TASK INSTRUCTIONS -
Exactly as written, please repeat the data that follows, but not the pictures.

Start of DATA FOR THE TASK

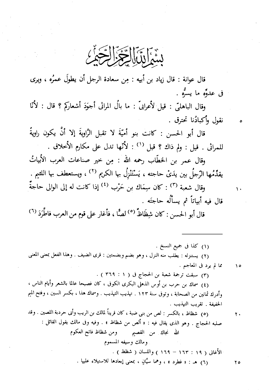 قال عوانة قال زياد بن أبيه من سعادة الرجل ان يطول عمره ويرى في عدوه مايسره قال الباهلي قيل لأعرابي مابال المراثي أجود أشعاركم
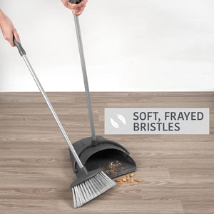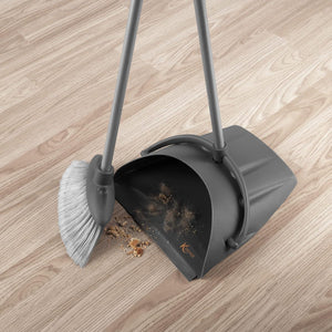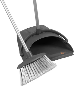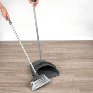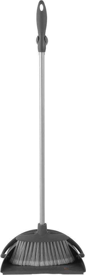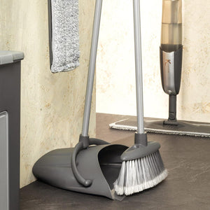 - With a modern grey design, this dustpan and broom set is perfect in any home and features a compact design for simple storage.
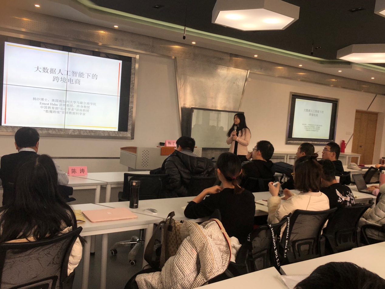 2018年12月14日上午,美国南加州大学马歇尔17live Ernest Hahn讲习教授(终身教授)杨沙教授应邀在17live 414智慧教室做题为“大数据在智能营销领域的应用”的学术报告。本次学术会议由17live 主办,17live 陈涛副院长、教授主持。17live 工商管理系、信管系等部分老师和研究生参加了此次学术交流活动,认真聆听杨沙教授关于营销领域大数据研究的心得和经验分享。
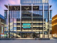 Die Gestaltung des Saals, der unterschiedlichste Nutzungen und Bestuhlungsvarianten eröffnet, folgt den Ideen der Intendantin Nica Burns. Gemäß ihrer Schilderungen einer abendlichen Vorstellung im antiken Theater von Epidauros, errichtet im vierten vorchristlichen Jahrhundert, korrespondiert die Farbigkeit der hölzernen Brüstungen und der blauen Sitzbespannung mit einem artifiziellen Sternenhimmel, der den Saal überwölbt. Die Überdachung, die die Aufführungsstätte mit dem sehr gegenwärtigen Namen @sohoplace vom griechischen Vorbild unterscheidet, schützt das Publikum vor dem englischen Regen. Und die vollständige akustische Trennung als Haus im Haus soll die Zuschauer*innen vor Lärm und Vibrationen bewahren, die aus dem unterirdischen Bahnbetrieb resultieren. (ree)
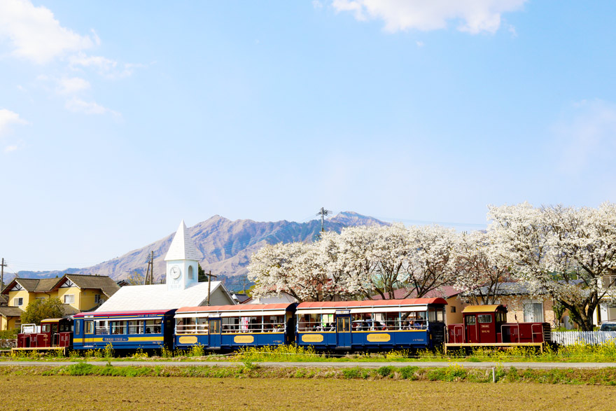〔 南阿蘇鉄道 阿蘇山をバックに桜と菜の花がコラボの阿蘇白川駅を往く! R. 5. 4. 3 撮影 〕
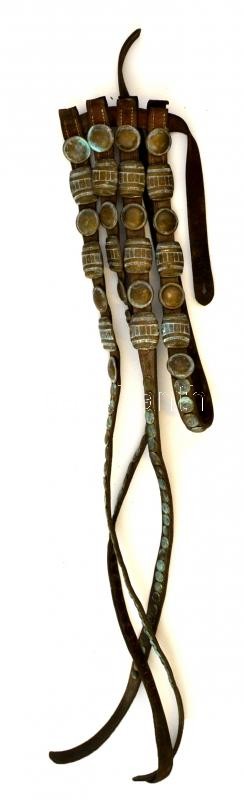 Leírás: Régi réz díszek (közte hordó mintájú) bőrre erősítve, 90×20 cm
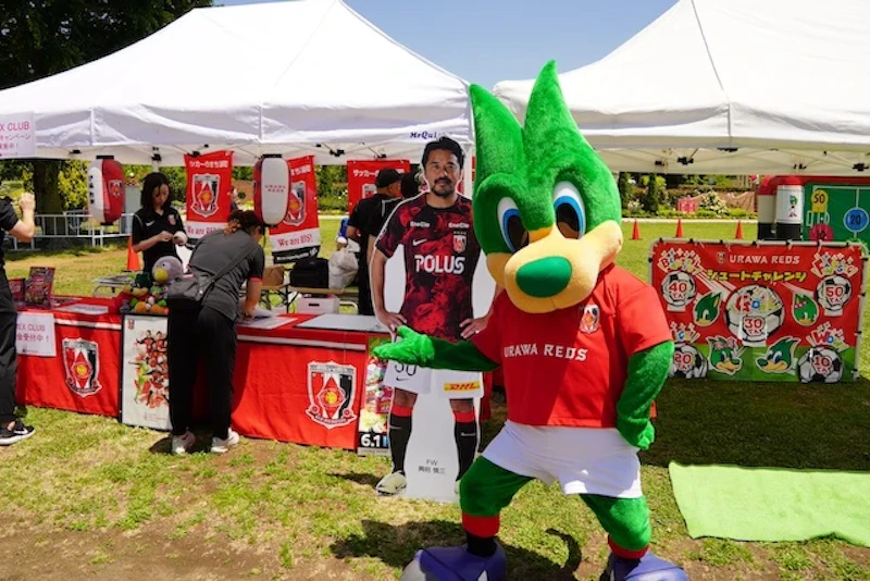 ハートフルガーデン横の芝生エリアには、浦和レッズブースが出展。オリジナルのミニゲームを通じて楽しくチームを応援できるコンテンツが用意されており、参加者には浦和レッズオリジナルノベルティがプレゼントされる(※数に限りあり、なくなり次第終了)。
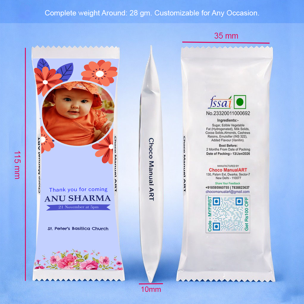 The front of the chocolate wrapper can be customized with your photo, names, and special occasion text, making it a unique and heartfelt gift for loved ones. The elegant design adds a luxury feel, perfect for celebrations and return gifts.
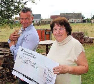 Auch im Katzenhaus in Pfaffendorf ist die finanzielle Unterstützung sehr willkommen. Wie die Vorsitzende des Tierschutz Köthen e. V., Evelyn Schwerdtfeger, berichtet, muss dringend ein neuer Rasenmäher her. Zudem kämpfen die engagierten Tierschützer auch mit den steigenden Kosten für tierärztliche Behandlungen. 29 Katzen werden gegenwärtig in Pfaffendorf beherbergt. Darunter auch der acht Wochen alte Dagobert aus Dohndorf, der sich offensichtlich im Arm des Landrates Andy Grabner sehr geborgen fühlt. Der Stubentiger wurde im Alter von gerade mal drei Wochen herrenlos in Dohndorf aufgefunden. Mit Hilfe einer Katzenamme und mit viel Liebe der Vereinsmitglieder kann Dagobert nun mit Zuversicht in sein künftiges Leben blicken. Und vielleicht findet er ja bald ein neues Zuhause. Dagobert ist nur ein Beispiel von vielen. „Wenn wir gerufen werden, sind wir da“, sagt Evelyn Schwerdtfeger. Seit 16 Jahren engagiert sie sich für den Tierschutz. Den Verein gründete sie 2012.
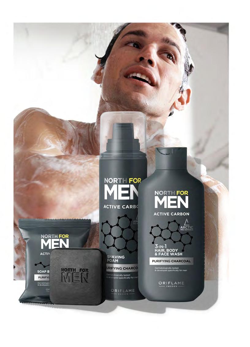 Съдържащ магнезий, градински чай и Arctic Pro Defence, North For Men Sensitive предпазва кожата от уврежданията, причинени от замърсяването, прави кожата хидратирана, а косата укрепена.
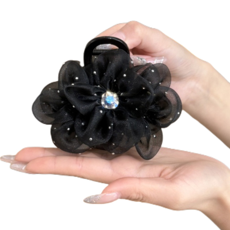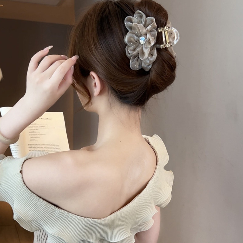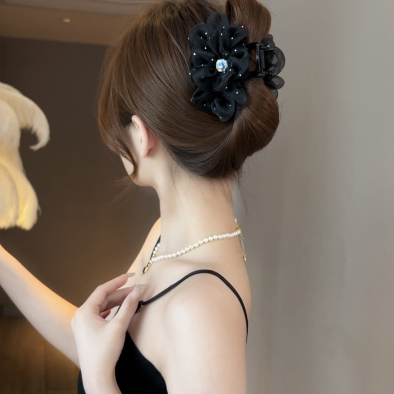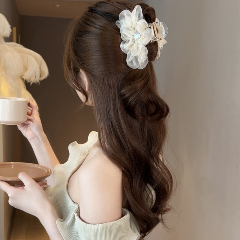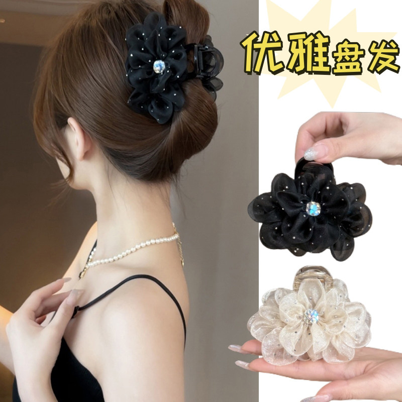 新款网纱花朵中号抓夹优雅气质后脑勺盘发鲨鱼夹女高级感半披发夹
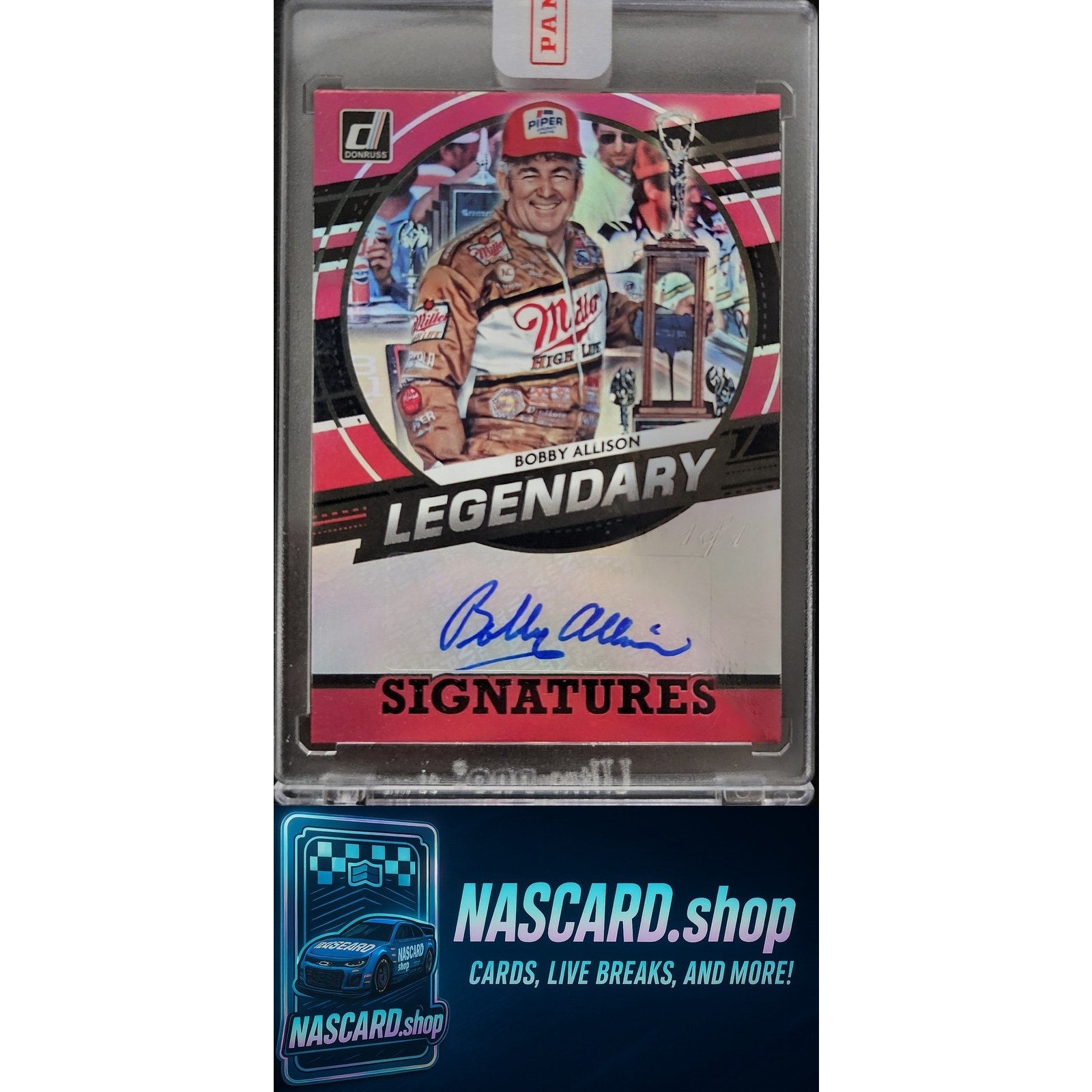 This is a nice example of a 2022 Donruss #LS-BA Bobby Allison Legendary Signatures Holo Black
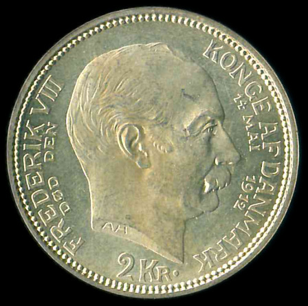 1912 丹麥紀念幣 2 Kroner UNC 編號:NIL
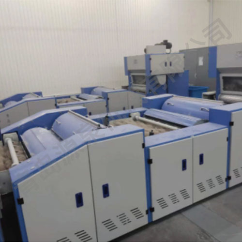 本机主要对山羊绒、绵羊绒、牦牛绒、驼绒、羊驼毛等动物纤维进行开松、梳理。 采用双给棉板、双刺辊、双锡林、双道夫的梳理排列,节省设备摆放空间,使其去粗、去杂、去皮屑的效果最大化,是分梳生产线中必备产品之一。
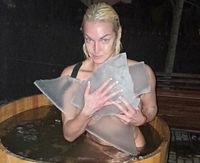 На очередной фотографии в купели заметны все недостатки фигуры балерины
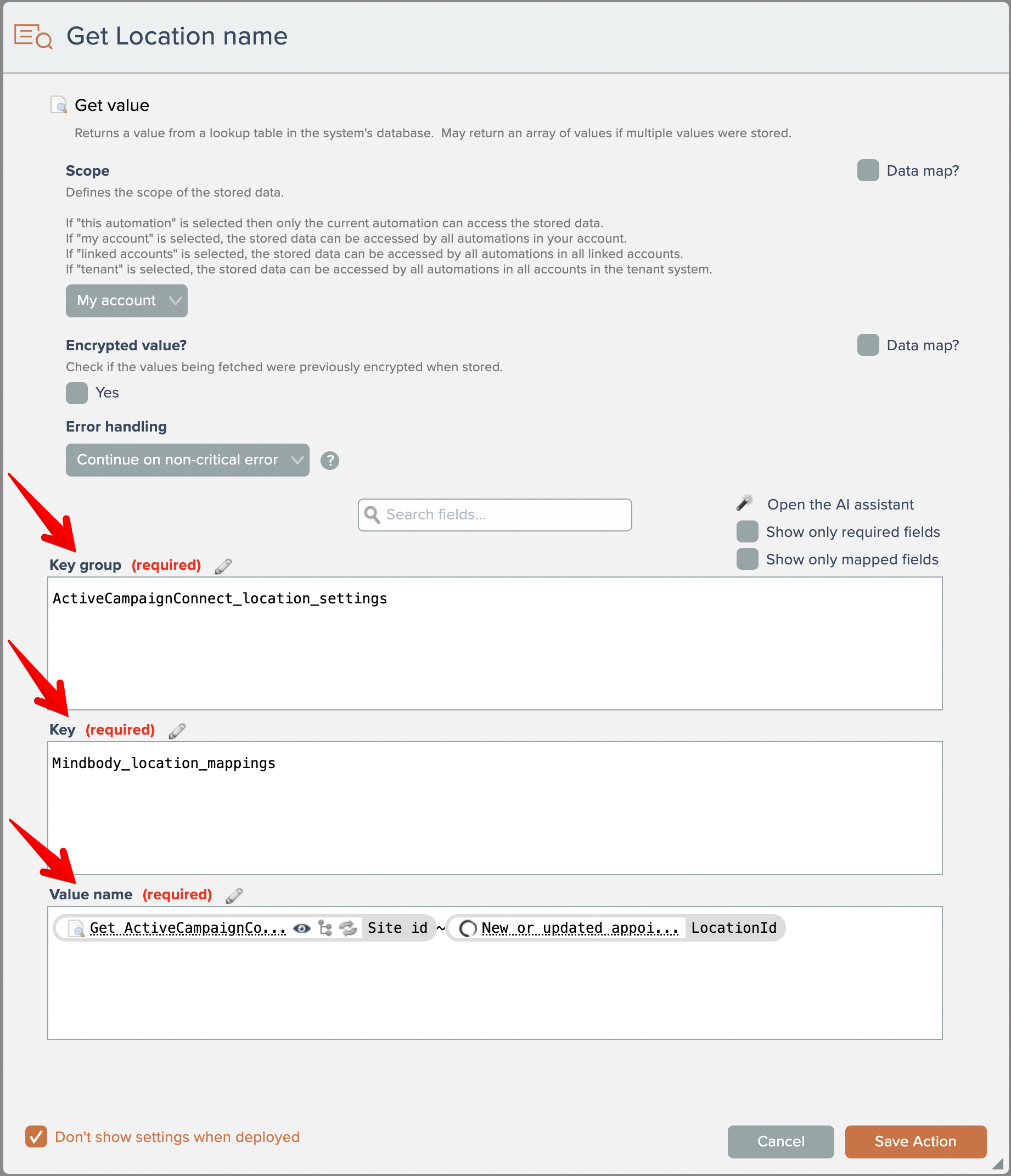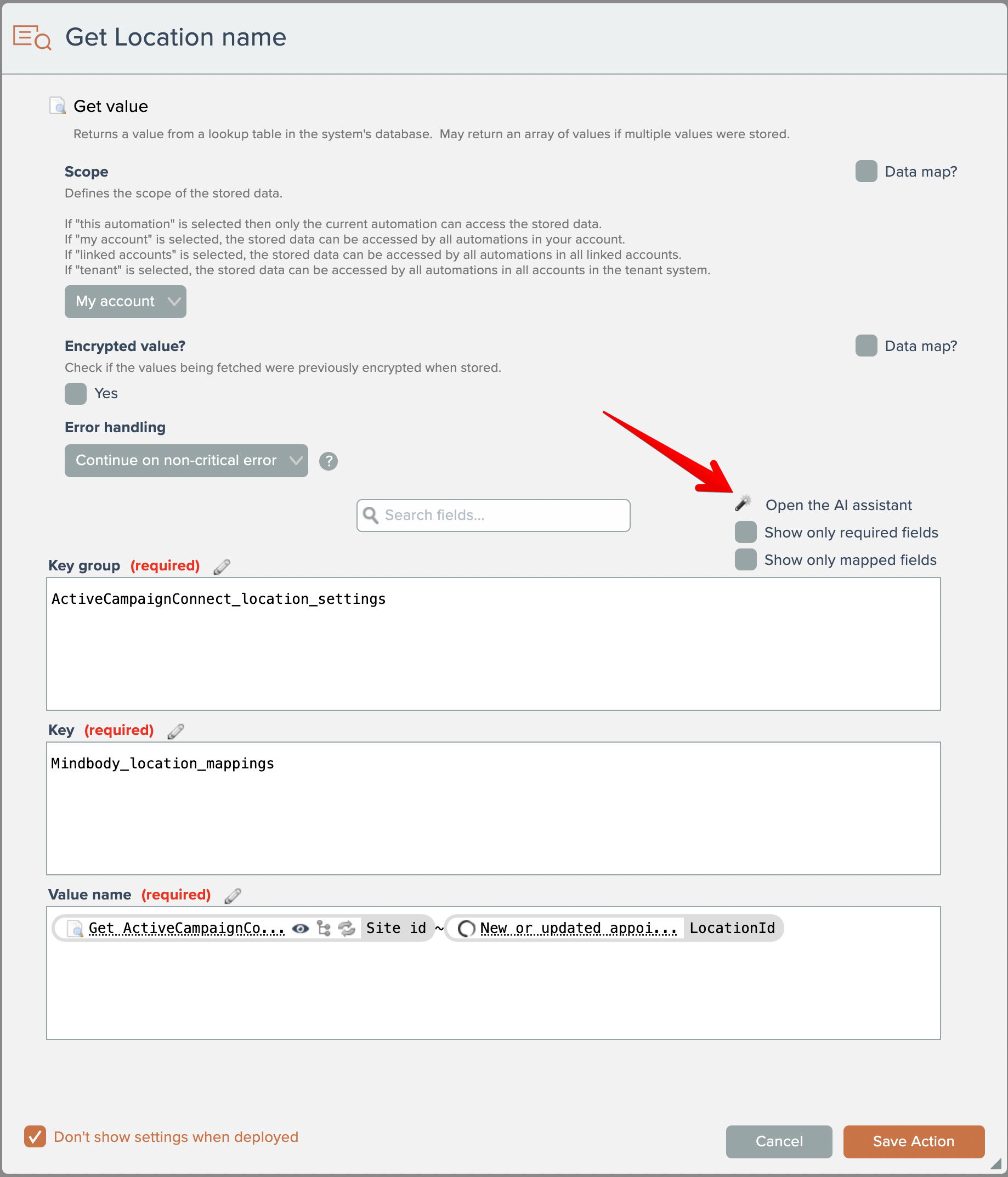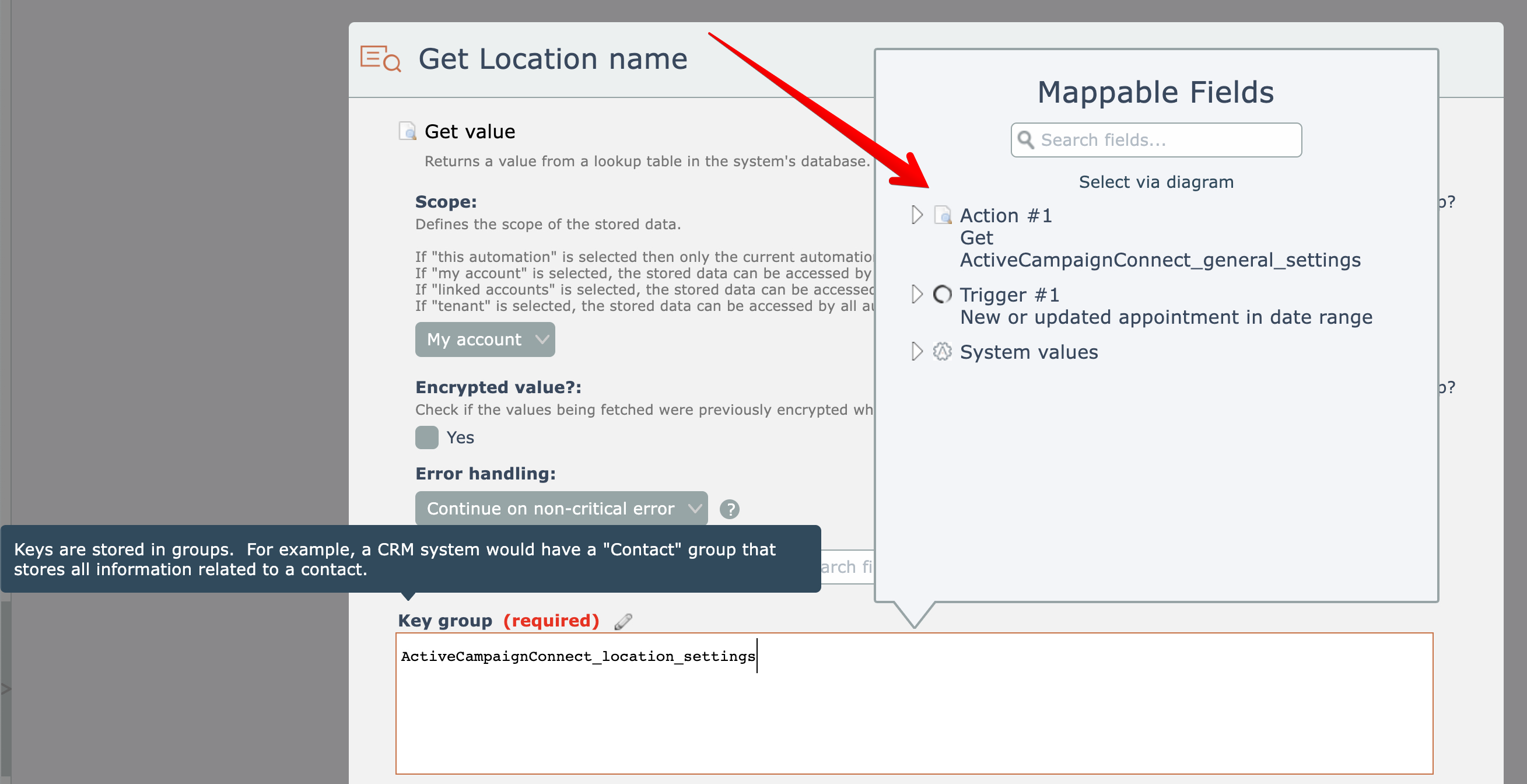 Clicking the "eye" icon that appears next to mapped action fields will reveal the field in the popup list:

End of DATA FOR THE TASK

EXERCISE ANSWER -
 قال عوانة قال زياد بن أبيه من سعادة الرجل ان يطول عمره ويرى في عدوه مايسره قال الباهلي قيل لأعرابي مابال المراثي أجود أشعاركم
 - With a modern grey design, this dustpan and broom set is perfect in any home and features a compact design for simple storage.
 2018年12月14日上午,美国南加州大学马歇尔17live Ernest Hahn讲习教授(终身教授)杨沙教授应邀在17live 414智慧教室做题为“大数据在智能营销领域的应用”的学术报告。本次学术会议由17live 主办,17live 陈涛副院长、教授主持。17live 工商管理系、信管系等部分老师和研究生参加了此次学术交流活动,认真聆听杨沙教授关于营销领域大数据研究的心得和经验分享。
 Die Gestaltung des Saals, der unterschiedlichste Nutzungen und Bestuhlungsvarianten eröffnet, folgt den Ideen der Intendantin Nica Burns. Gemäß ihrer Schilderungen einer abendlichen Vorstellung im antiken Theater von Epidauros, errichtet im vierten vorchristlichen Jahrhundert, korrespondiert die Farbigkeit der hölzernen Brüstungen und der blauen Sitzbespannung mit einem artifiziellen Sternenhimmel, der den Saal überwölbt. Die Überdachung, die die Aufführungsstätte mit dem sehr gegenwärtigen Namen @sohoplace vom griechischen Vorbild unterscheidet, schützt das Publikum vor dem englischen Regen. Und die vollständige akustische Trennung als Haus im Haus soll die Zuschauer*innen vor Lärm und Vibrationen bewahren, die aus dem unterirdischen Bahnbetrieb resultieren. (ree)
〔 南阿蘇鉄道 阿蘇山をバックに桜と菜の花がコラボの阿蘇白川駅を往く! R. 5. 4. 3 撮影 〕
 Leírás: Régi réz díszek (közte hordó mintájú) bőrre erősítve, 90×20 cm
 ハートフルガーデン横の芝生エリアには、浦和レッズブースが出展。オリジナルのミニゲームを通じて楽しくチームを応援できるコンテンツが用意されており、参加者には浦和レッズオリジナルノベルティがプレゼントされる(※数に限りあり、なくなり次第終了)。
 The front of the chocolate wrapper can be customized with your photo, names, and special occasion text, making it a unique and heartfelt gift for loved ones. The elegant design adds a luxury feel, perfect for celebrations and return gifts.
 Auch im Katzenhaus in Pfaffendorf ist die finanzielle Unterstützung sehr willkommen. Wie die Vorsitzende des Tierschutz Köthen e. V., Evelyn Schwerdtfeger, berichtet, muss dringend ein neuer Rasenmäher her. Zudem kämpfen die engagierten Tierschützer auch mit den steigenden Kosten für tierärztliche Behandlungen. 29 Katzen werden gegenwärtig in Pfaffendorf beherbergt. Darunter auch der acht Wochen alte Dagobert aus Dohndorf, der sich offensichtlich im Arm des Landrates Andy Grabner sehr geborgen fühlt. Der Stubentiger wurde im Alter von gerade mal drei Wochen herrenlos in Dohndorf aufgefunden. Mit Hilfe einer Katzenamme und mit viel Liebe der Vereinsmitglieder kann Dagobert nun mit Zuversicht in sein künftiges Leben blicken. Und vielleicht findet er ja bald ein neues Zuhause. Dagobert ist nur ein Beispiel von vielen. „Wenn wir gerufen werden, sind wir da“, sagt Evelyn Schwerdtfeger. Seit 16 Jahren engagiert sie sich für den Tierschutz. Den Verein gründete sie 2012.
 Съдържащ магнезий, градински чай и Arctic Pro Defence, North For Men Sensitive предпазва кожата от уврежданията, причинени от замърсяването, прави кожата хидратирана, а косата укрепена.
 新款网纱花朵中号抓夹优雅气质后脑勺盘发鲨鱼夹女高级感半披发夹
 This is a nice example of a 2022 Donruss #LS-BA Bobby Allison Legendary Signatures Holo Black
 1912 丹麥紀念幣 2 Kroner UNC 編號:NIL
 本机主要对山羊绒、绵羊绒、牦牛绒、驼绒、羊驼毛等动物纤维进行开松、梳理。 采用双给棉板、双刺辊、双锡林、双道夫的梳理排列,节省设备摆放空间,使其去粗、去杂、去皮屑的效果最大化,是分梳生产线中必备产品之一。
 На очередной фотографии в купели заметны все недостатки фигуры балерины
 Clicking the "eye" icon that appears next to mapped action fields will reveal the field in the popup list:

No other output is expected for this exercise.